▶ _DATA LISTING_:
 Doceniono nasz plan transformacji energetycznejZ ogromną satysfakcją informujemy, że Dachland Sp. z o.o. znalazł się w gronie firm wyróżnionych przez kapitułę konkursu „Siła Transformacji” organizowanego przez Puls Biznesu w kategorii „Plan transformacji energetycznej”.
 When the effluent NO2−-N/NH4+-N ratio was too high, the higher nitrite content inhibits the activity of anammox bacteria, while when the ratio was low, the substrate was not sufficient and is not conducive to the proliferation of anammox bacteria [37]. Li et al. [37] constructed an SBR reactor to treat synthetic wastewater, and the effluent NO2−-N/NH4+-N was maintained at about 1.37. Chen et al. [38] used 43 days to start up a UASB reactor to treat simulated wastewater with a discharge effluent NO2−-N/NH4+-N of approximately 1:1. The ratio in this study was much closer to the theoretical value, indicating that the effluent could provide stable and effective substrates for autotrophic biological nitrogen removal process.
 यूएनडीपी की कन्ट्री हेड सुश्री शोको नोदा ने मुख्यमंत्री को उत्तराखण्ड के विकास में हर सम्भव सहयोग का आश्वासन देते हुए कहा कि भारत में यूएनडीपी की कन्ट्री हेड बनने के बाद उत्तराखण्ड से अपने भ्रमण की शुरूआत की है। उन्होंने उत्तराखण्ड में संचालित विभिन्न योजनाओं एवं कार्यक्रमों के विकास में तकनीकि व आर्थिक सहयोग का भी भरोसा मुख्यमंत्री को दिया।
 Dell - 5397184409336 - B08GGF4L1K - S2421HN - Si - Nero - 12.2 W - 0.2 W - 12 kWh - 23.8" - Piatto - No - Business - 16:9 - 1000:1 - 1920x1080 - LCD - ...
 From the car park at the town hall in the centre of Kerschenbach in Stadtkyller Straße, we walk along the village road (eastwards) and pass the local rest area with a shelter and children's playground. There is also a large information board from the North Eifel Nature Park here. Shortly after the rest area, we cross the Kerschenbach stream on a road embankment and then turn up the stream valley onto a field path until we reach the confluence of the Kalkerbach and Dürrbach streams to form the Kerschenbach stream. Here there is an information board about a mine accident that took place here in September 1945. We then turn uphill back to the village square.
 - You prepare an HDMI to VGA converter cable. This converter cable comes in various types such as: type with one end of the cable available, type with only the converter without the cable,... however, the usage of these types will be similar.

--

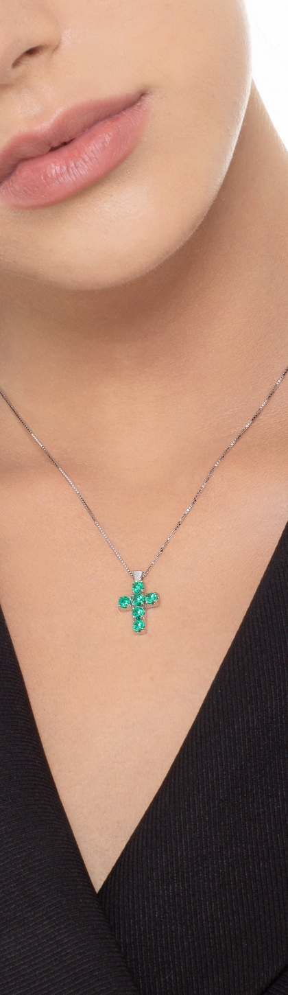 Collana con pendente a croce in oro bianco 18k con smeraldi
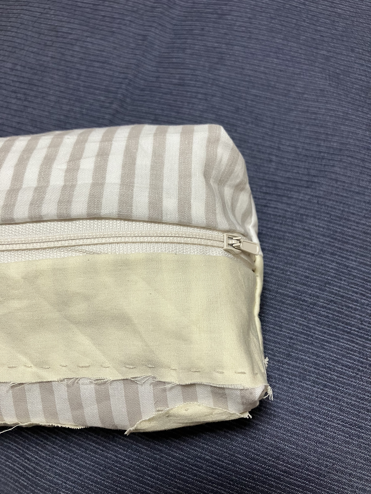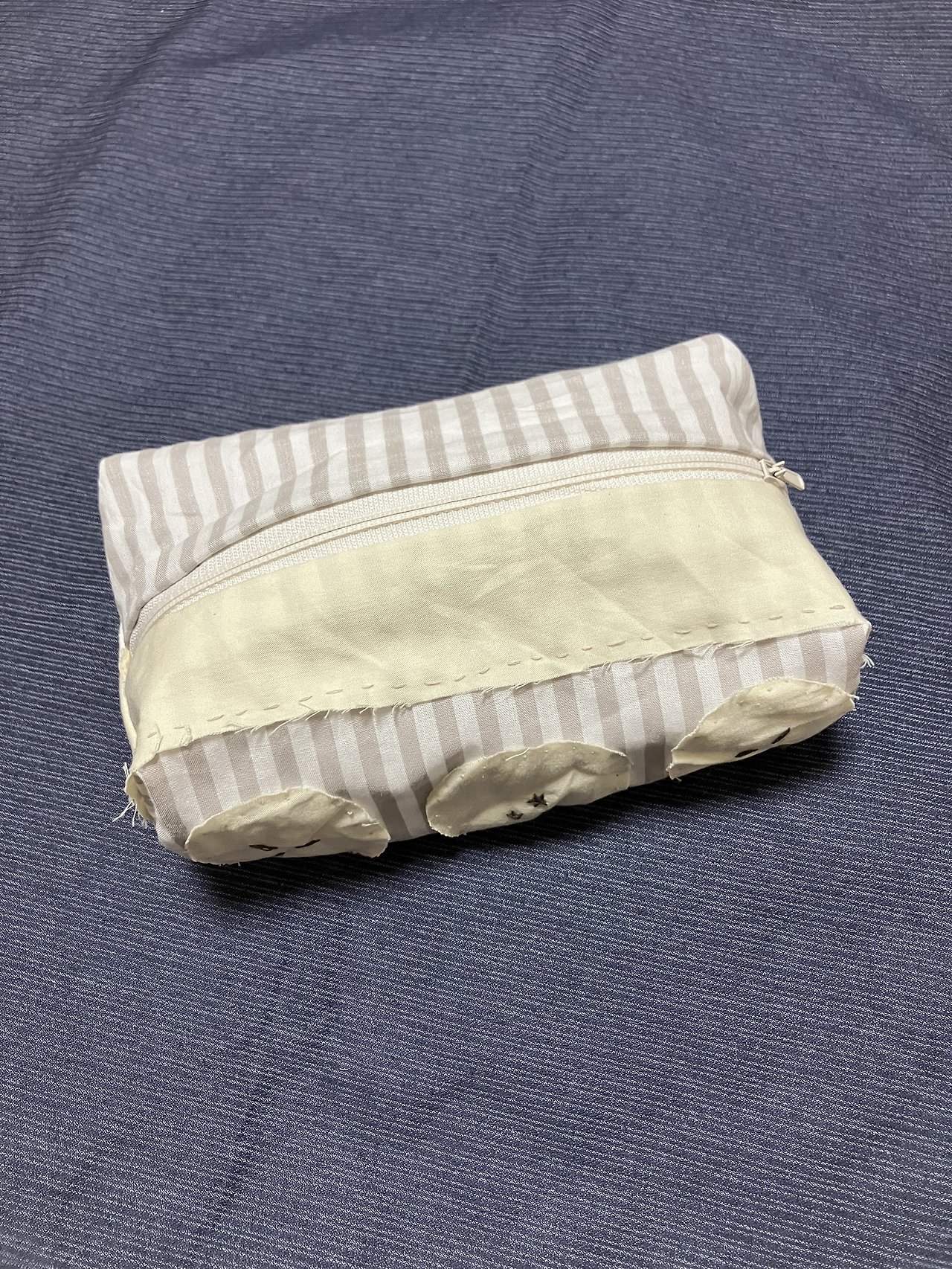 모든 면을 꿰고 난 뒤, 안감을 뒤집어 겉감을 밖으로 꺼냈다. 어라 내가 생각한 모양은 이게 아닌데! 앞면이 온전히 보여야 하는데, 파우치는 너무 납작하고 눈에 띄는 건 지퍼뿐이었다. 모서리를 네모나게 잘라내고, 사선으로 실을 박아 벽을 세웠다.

▶ _PROBLEM DETAILS_:
The lines above, starting at the one with "When the effluent" and ending at the one with "यूएनडीपी की कन्ट्री हेड सुश्री", are the only ones to return, exactly as written.

▶ _TASK OUTPUT_:
 When the effluent NO2−-N/NH4+-N ratio was too high, the higher nitrite content inhibits the activity of anammox bacteria, while when the ratio was low, the substrate was not sufficient and is not conducive to the proliferation of anammox bacteria [37]. Li et al. [37] constructed an SBR reactor to treat synthetic wastewater, and the effluent NO2−-N/NH4+-N was maintained at about 1.37. Chen et al. [38] used 43 days to start up a UASB reactor to treat simulated wastewater with a discharge effluent NO2−-N/NH4+-N of approximately 1:1. The ratio in this study was much closer to the theoretical value, indicating that the effluent could provide stable and effective substrates for autotrophic biological nitrogen removal process.
 यूएनडीपी की कन्ट्री हेड सुश्री शोको नोदा ने मुख्यमंत्री को उत्तराखण्ड के विकास में हर सम्भव सहयोग का आश्वासन देते हुए कहा कि भारत में यूएनडीपी की कन्ट्री हेड बनने के बाद उत्तराखण्ड से अपने भ्रमण की शुरूआत की है। उन्होंने उत्तराखण्ड में संचालित विभिन्न योजनाओं एवं कार्यक्रमों के विकास में तकनीकि व आर्थिक सहयोग का भी भरोसा मुख्यमंत्री को दिया।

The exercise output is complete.